Subtask split out from T161671 'Compacting the revision table', to refactor the (id-or-0, name-or-address) tuples in revision, logging, image, and other tables through a common reference to an actor table (actor as in one who acts).
This makes those references a fixed size: 64-bit bigints instead of a 32-bit int followed by a variable size string. Moving the name-or-address out of the key also means we avoid duplications of the name-or-address string between multiple rows when a single user makes many edits, and make relevant indexes for by-user lookups smaller.
End state
Database new tables:
-- -- Revision authorship is represented by an actor row. -- This avoids duplicating common usernames/IP addresses -- in the revision table, and makes rename processing quicker. -- CREATE TABLE /*_*/actor ( -- Unique ID to identify each entry actor_id bigint unsigned NOT NULL PRIMARY KEY AUTO_INCREMENT, -- Key to user.user_id of the user who made this edit. -- Stores NULL for anonymous edits and for some mass imports. actor_user int unsigned, -- Text username or IP address of the editor. actor_name varchar(255) binary NOT NULL default '' ) /*$wgDBTableOptions*/; CREATE UNIQUE INDEX /*i*/actor_user ON /*_*/actor (actor_user); CREATE UNIQUE INDEX /*i*/actor_name ON /*_*/actor (actor_name);
Database changes tables:
- revision adds rev_actor, and drops rev_user & rev_user_text
- archive adds ar_actor, and drops ar_user & ar_user_text
- image adds img_actor, and drops img_user & img_user_text
- oldimage adds oi_actor, and drops oi_user & oi_user_text
- filearchive adds fa_actor, and drops fa_user & fa_user_text
- recentchanges adds rc_actor, and drops rc_user & rc_user_text
- logging adds log_actor, and drops log_user & log_user_text
Migration state
To avoid blocking on changes to the revision table (so we can coordinate a large schema update), revision and image (FIXME: check if we need to do this on others) will gain temporary sibling tables to hold the reference:
CREATE TABLE /*_*/revision_actor_temp ( revactor_rev bigint unsigned NOT NULL, -- → revision.rev_id revactor_actor bigint unsigned NOT NULL, -- → actor.actor_id PRIMARY KEY (revactor_rev, revactor_actor) ) /*$wgDBTableOptions*/; -- will this one work sanely? we have no img_id key srsly? CREATE TABLE /*_*/image_actor_temp ( imgactor_img varchar(255) binary NOT NULL, -- → image.img_name imgactor_actor bigint unsigned NOT NULL, -- → actor.actor_id PRIMARY KEY (imgactor_img, imgactor_actor) ) /*$wgDBTableOptions*/;
MediaWiki changes and migration
Add feature flag for migration states:
- Read and write old columns only
- Write both old and new columns. Read from new preferentially, falling back to old.

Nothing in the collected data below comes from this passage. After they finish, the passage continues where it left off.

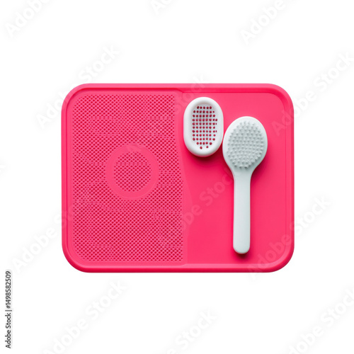 Pink Silicone Cleaning Mat with White Cleaning Tools for Face and Skin Care
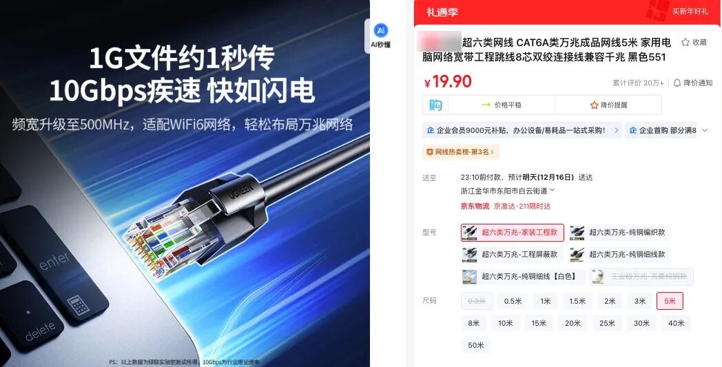 你可能好奇了,我这会儿上某东搜条超六类的万兆(10Gbps)网线也就十几块钱,咋能不够用呢?
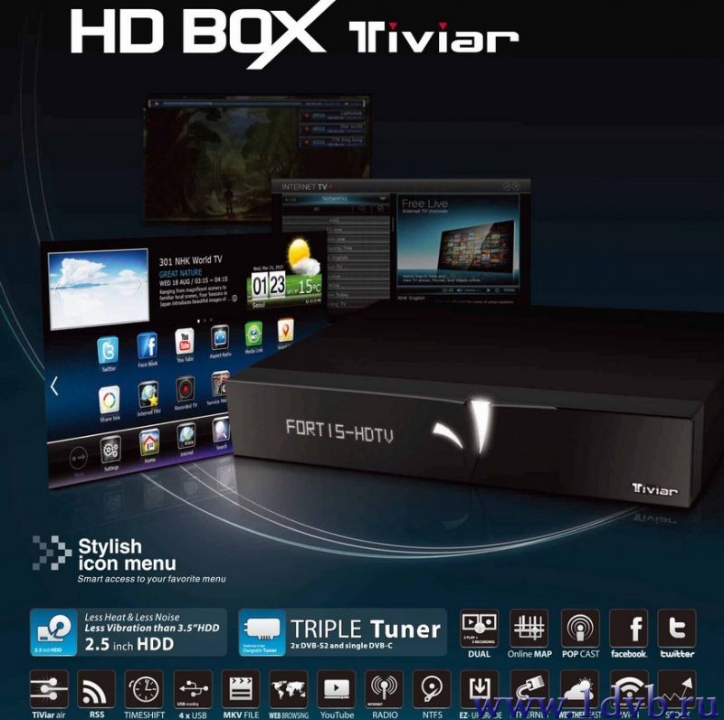 Спутниковый ресивер Tiviar Alpha Plus применяет для своего управления открытую систему Linux с графической оболочкой от компании Fortis. Над имиджами для приемника трудятся корейские программисты. В ресивере, кроме двух DVB-S2 спутниковых тюнеров и приёмника DVB-T2/C, что позволяет расширить возможности аппарата.Поддерживает разнообразные интернет сервисы, интернет тв. Можно смотреть один канал на телевизоре, а второй записывать на жесткий диск или просматривать на компьютере через stream поток. При этом для независимого доступа с двух спутниковых тюнеров к двум разным каналам на антенне потребуется использовать твин конвертор с двумя независимыми выходами. Имеется поддержка функции Dual HD PIP, которая поддерживает одновременный просмотр двух HD телеканалов на экране.
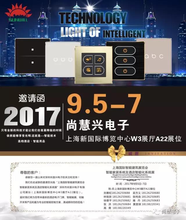 深圳市尚慧興電子有限公司展臺(tái)(上海新國(guó)際博覽中心W3展廳A22展位),本次展會(huì)我們將為您帶來(lái)新的定制電子門牌、智能觸摸開關(guān)、輕觸開關(guān)等產(chǎn)品和專業(yè)的智能控制方案,真誠(chéng)期待您的蒞臨!
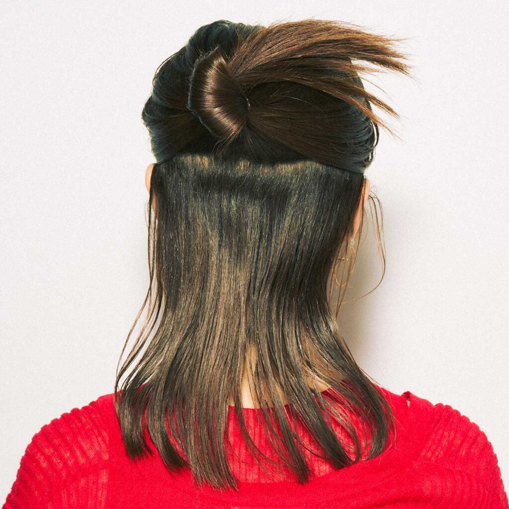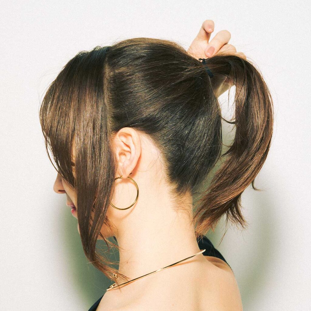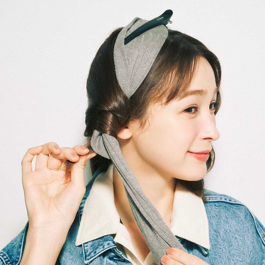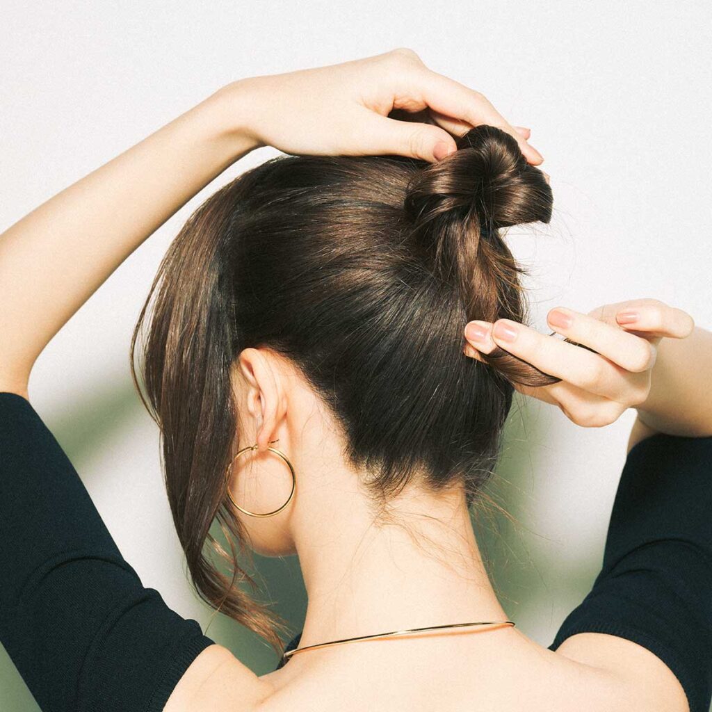 海外のファッションスナップのヘアアレンジでもお馴染みのクリップアレンジ。髪をねじって挟むだけだから、ご飯を食べる時やちょっと気分を変えたい時にサッとね。ヘアクリップ¥23,100(アレクサンドル ドゥ パリ/アレクサンドル ドゥ パリ GINZA SIX店)シャツ¥16,500(アンクレイヴ/オンワード樫山 お客様相談室)ピアス¥2,200(アネモネ/サンポークリエイト)
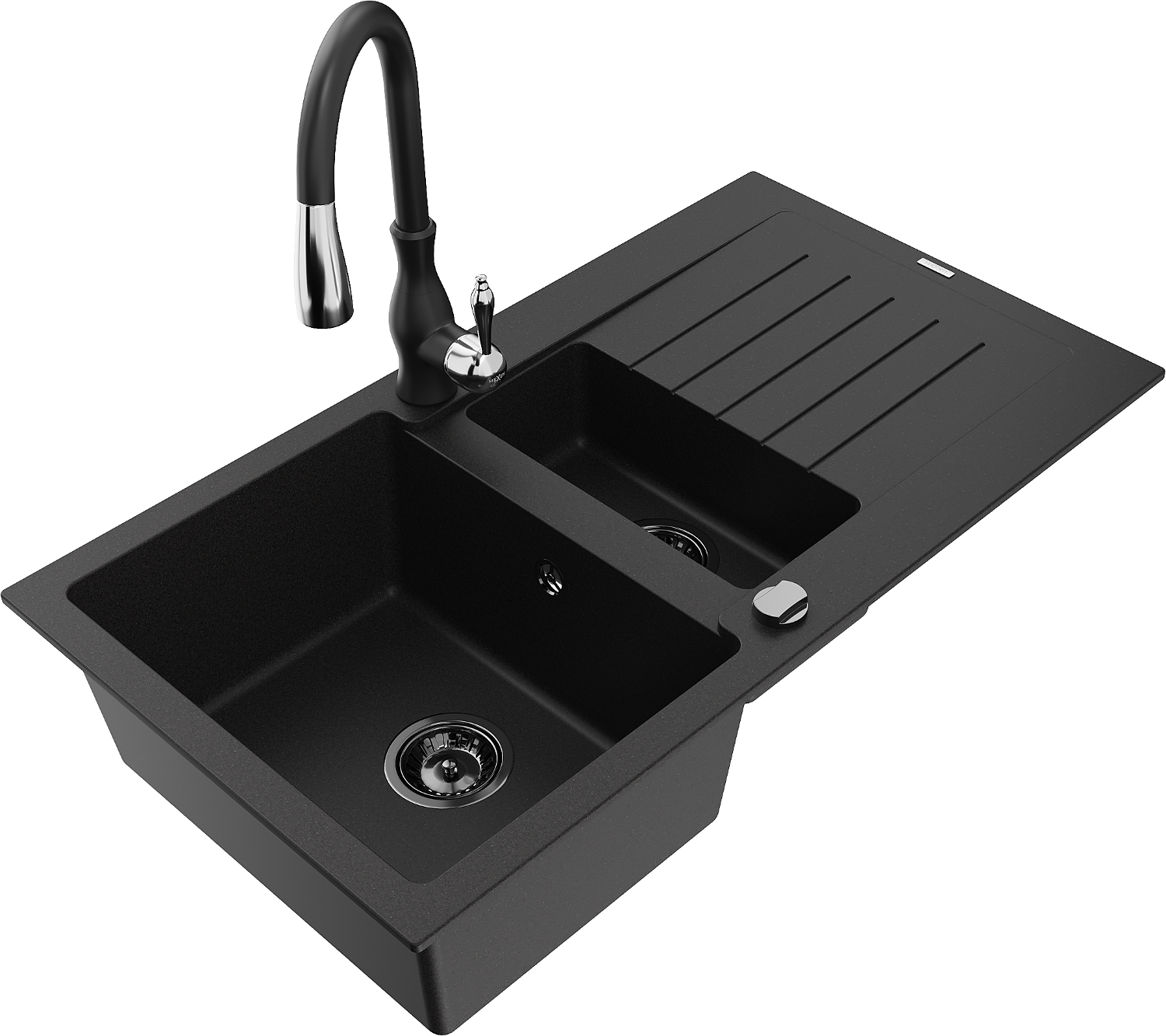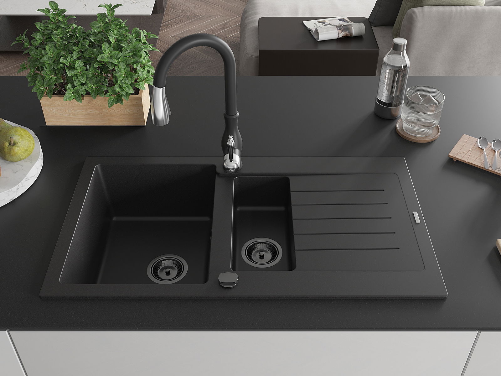 Mexen Matias évier en granit 1,5 bac avec égouttoir et robinet de cuisine Savita, noir - 6502-77-672601-70-B
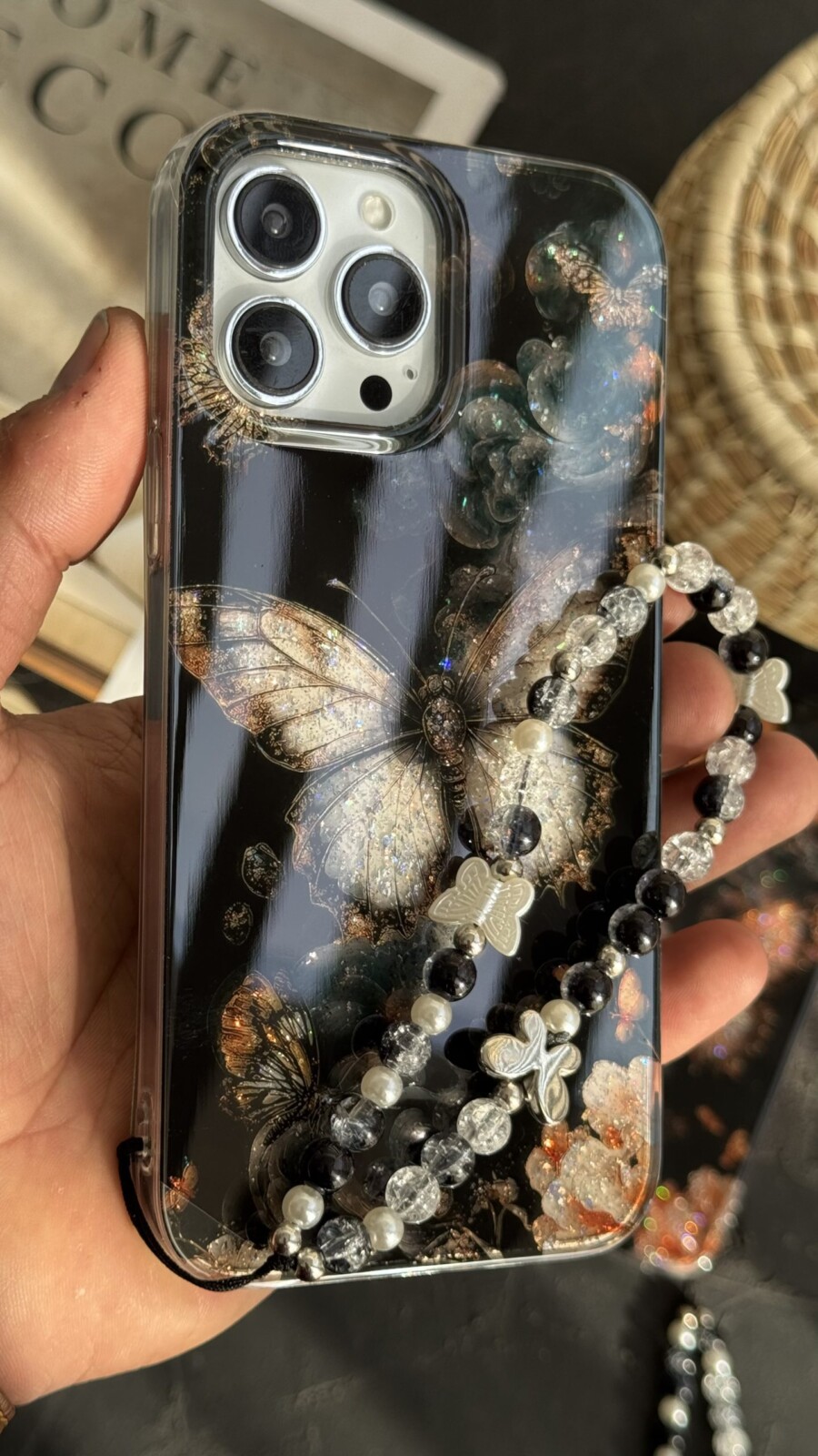 قاب موبایل آیفون پروانه ترنسپرنت مشکی پولکی طلایی

- Write only new columns. Read from new preferentially, falling back to old.
- Read and write the new columns only.
ActorMigration (?) class to manage state & offer methods -- coordinate the basic layout of this with our similar changes at T166732 & friends!
- use outer joins on reads to map in the extra temporary tables when used, expose the necessary query options.
- helper function for query setup when searching for a specific user or address's references
- helper function for storing to the right columns and whether two inserts are needed for temp tables.
Further work:
- find and fix uses of the direct fields for lookups to use the abstraction
- probably want a maintenance script to do forced migration that can be run manually in production scenarios or run automatically from the default updaters for small installations
Potential pitfalls
- There may be more direct usages than expected and they may be a pain to fix
- There might be "surprise" usages of user_text fields or indexes for querying multiple lookups
- apiqueryrevisions ;)
- Are there any problems with still duplicating a username between actor.actor_name and user.user_name?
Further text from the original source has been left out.